10 Years and What Have We Learned
I still remember exactly where I was and what I was doing. I’m sure you do too. I was just walking into my 9:00 Exodus Book Study class at North Greenville College. Dr. Pete Wilbanks gave us the news about the attacks on the Twin Towers, we prayed, and then he dismissed class. My Dad was in Brazil on a mission trip. All international flights shut down to and from the US. He was stuck.
Confusion. Betrayal. Anger. Unbelief. Fear. Uncertainty. The whole gamut of emotions ran through every ounce of my being. The feeling of powerlessness was stifling. As the news unfolded throughout the day, the images we saw forever changed the landscape, make-up and temperament of America. Church doors flew open for around-the-clock prayer. The Sunday after 9/11, pews were packed with people who had not stepped foot in a church in years, perhaps ever. In the midst of the tragedy, there were glimmers of hope for a country that had in many ways turned her back on God. There was the prevailing feeling, at least among most Christian evangelicals, that these events would soon act as a catalyst to bring America back to Christ. But you know what happened.
As soon as some semblance of stability and structure was reintroduced, the American dream based on secular humanism and extreme individualism reared its ugly head once again. America no longer needed God. He was the crutch to get her through the initial pain and shock, but He was no longer needed. He was no longer necessary. America was dealing with her enemies. America was standing on her own two feet. America was her own counselor, her own defense, her own support system. God was obsolete.

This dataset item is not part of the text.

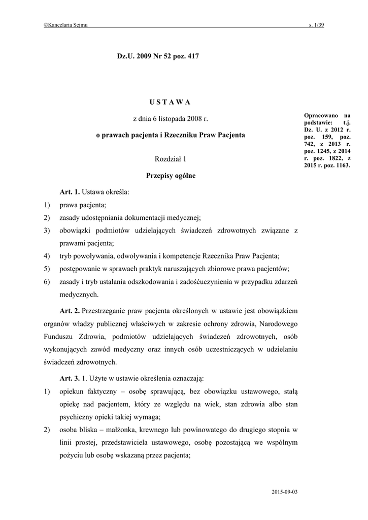 ©Kancelaria Sejmu s. 1/39 Dz.U. 2009 Nr 52 poz. 417 USTAWA Opracowano na podstawie: t.j. Dz. U. z 2012 r. poz. 159, poz. 742, z 2013 r. poz. 1245, z 2014 r. poz. 1822, z 2015 r. poz. 1163. z dnia 6 listopada 2008 r. o prawach pacjenta i Rzeczniku Praw Pacjenta Rozdział 1 Przepisy ogólne Art. 1. Ustawa określa: 1) prawa pacjenta; 2) zasady udostępniania dokumentacji medycznej; 3) obowiązki podmiotów udzielających świadczeń zdrowotnych związane z prawami pacjenta; 4) tryb powoływania, odwoływania i kompetencje Rzecznika Praw Pacjenta; 5) postępowanie w sprawach praktyk naruszających zbiorowe prawa pacjentów; 6) zasady i tryb ustalania odszkodowania i zadośćuczynienia w przypadku zdarzeń medycznych. Art. 2. Przestrzeganie praw pacjenta określonych w ustawie jest obowiązkiem organów władzy publicznej właściwych w zakresie ochrony zdrowia, Narodowego Funduszu Zdrowia, podmiotów udzielających świadczeń zdrowotnych, osób wykonujących zawód medyczny oraz innych osób uczestniczących w udzielaniu świadczeń zdrowotnych. Art. 3. 1. Użyte w ustawie określenia oznaczają: 1) opiekun faktyczny – osobę sprawującą, bez obowiązku ustawowego, stałą opiekę nad pacjentem, który ze względu na wiek, stan zdrowia albo stan psychiczny opieki takiej wymaga; 2) osoba bliska – małżonka, krewnego lub powinowatego do drugiego stopnia w linii prostej, przedstawiciela ustawowego, osobę pozostającą we wspólnym pożyciu lub osobę wskazaną przez pacjenta; 2015-09-03 ©Kancelaria Sejmu 3) s. 2/39 osoba wykonująca zawód medyczny – osobę wykonującą zawód medyczny, o której mowa w art. 2 ust. 1 pkt 2 ustawy z dnia 15 kwietnia 2011 r. o działalności leczniczej (Dz. U. Nr 112, poz. 654, Nr 149, poz. 887, Nr 174, poz. 1039 i Nr 185, poz. 1092); 4) pacjent – osobę zwracającą się o udzielenie świadczeń zdrowotnych lub korzystającą ze świadczeń zdrowotnych udzielanych przez podmiot udzielający świadczeń zdrowotnych lub osobę wykonującą zawód medyczny; 5) podmiot udzielający świadczeń zdrowotnych – podmiot wykonujący działalność leczniczą, o którym mowa w art. 2 ust. 1 pkt 5 ustawy z dnia 15 kwietnia 2011 r. o działalności leczniczej; 6) świadczenie zdrowotne – świadczenie zdrowotne, o którym mowa w art. 2 ust. 1 pkt 10 ustawy z dnia 15 kwietnia 2011 r. o działalności leczniczej; 7) (uchylony). 2. Ilekroć w ustawie jest mowa o lekarzu, rozumie się przez to także lekarza dentystę oraz felczera w zakresie wynikającym z przepisów o zawodzie felczera. Art. 4. 1. W razie zawinionego naruszenia praw pacjenta sąd może przyznać poszkodowanemu odpowiednią sumę tytułem zadośćuczynienia pieniężnego za doznaną krzywdę na podstawie art. 448 Kodeksu cywilnego. 2. W razie zawinionego naruszenia prawa pacjenta do umierania w spokoju i godności sąd może, na żądanie małżonka, krewnych lub powinowatych do drugiego stopnia w linii prostej lub przedstawiciela ustawowego, zasądzić odpowiednią sumę pieniężną na wskazany przez nich cel społeczny na podstawie art. 448 Kodeksu cywilnego. 3. Przepisu ust. 1 nie stosuje się do zawinionego naruszenia prawa pacjenta do: 1) przechowywania rzeczy wartościowych w depozycie podmiotu leczniczego wykonującego działalność leczniczą w rodzaju stacjonarne i całodobowe świadczenia zdrowotne; 2) informacji o rodzaju i zakresie świadczeń zdrowotnych udzielanych przez podmioty udzielające świadczeń zdrowotnych; 3) dostępu do dokumentacji medycznej dotyczącej jego stanu zdrowia; 4) zgłaszania działań niepożądanych produktów leczniczych. 2015-09-03 ©Kancelaria Sejmu s. 3/39 Art. 5. Kierownik podmiotu udzielającego świadczeń zdrowotnych lub upoważniony przez niego lekarz może ograniczyć korzystanie z praw pacjenta w przypadku wystąpienia zagrożenia epidemicznego lub ze względu na bezpieczeństwo zdrowotne pacjentów, a w przypadku praw, o których mowa w art. 33 ust. 1, także ze względu na możliwości organizacyjne podmiotu. Rozdział 2 Prawo pacjenta do świadczeń zdrowotnych Art. 6. 1. Pacjent ma prawo do świadczeń zdrowotnych odpowiadających wymaganiom aktualnej wiedzy medycznej. 2. Pacjent ma prawo, w sytuacji ograniczonych możliwości udzielenia odpowiednich świadczeń zdrowotnych, do przejrzystej, obiektywnej, opartej na kryteriach medycznych, procedury ustalającej kolejność dostępu do tych świadczeń. 3. Pacjent ma prawo żądać, aby udzielający mu świadczeń zdrowotnych: 1) lekarz zasięgnął opinii innego lekarza lub zwołał konsylium lekarskie; 2) pielęgniarka (położna) zasięgnęła opinii innej pielęgniarki (położnej). 4. Lekarz może odmówić zwołania konsylium lekarskiego lub zasięgnięcia opinii innego lekarza, jeżeli uzna, że żądanie, o którym mowa w ust. 3, jest bezzasadne. 5. Żądanie, o którym mowa w ust. 3, oraz odmowę, o której mowa w ust. 4, odnotowuje się w dokumentacji medycznej. 6. Przepisy ust. 4 i 5 stosuje się do pielęgniarki (położnej) w zakresie zasięgania opinii innej pielęgniarki (położnej). Art. 7. 1. Pacjent ma prawo do natychmiastowego udzielenia świadczeń zdrowotnych ze względu na zagrożenie zdrowia lub życia. 2. W przypadku porodu pacjentka ma prawo do uzyskania świadczeń zdrowotnych związanych z porodem. Art. 8. Pacjent ma prawo do świadczeń zdrowotnych udzielanych z należytą starannością przez podmioty udzielające świadczeń zdrowotnych w warunkach odpowiadających określonym w odrębnych przepisach wymaganiom fachowym i sanitarnym. Przy udzielaniu świadczeń zdrowotnych osoby wykonujące zawód medyczny kierują się zasadami etyki zawodowej określonymi przez właściwe samorządy zawodów medycznych. 2015-09-03 ©Kancelaria Sejmu s. 4/39 Rozdział 3 Prawo pacjenta do informacji Art. 9. 1. Pacjent ma prawo do informacji o swoim stanie zdrowia. 2. Pacjent, w tym małoletni, który ukończył 16 lat, lub jego ustawowy przedstawiciel mają prawo do uzyskani

This vicious cycle is repeated throughout history—both biblical and non-biblical history. A nation turns from God. Tragedy strikes. The nation seeks God again. God brings healing and restoration. The nation no longer needs God. Over and over. It’s a cycle that seems to always divorce itself from lessons learned, thus they are never really learned. Only flirted with. Only petted and stroked on the surface. But they never take root.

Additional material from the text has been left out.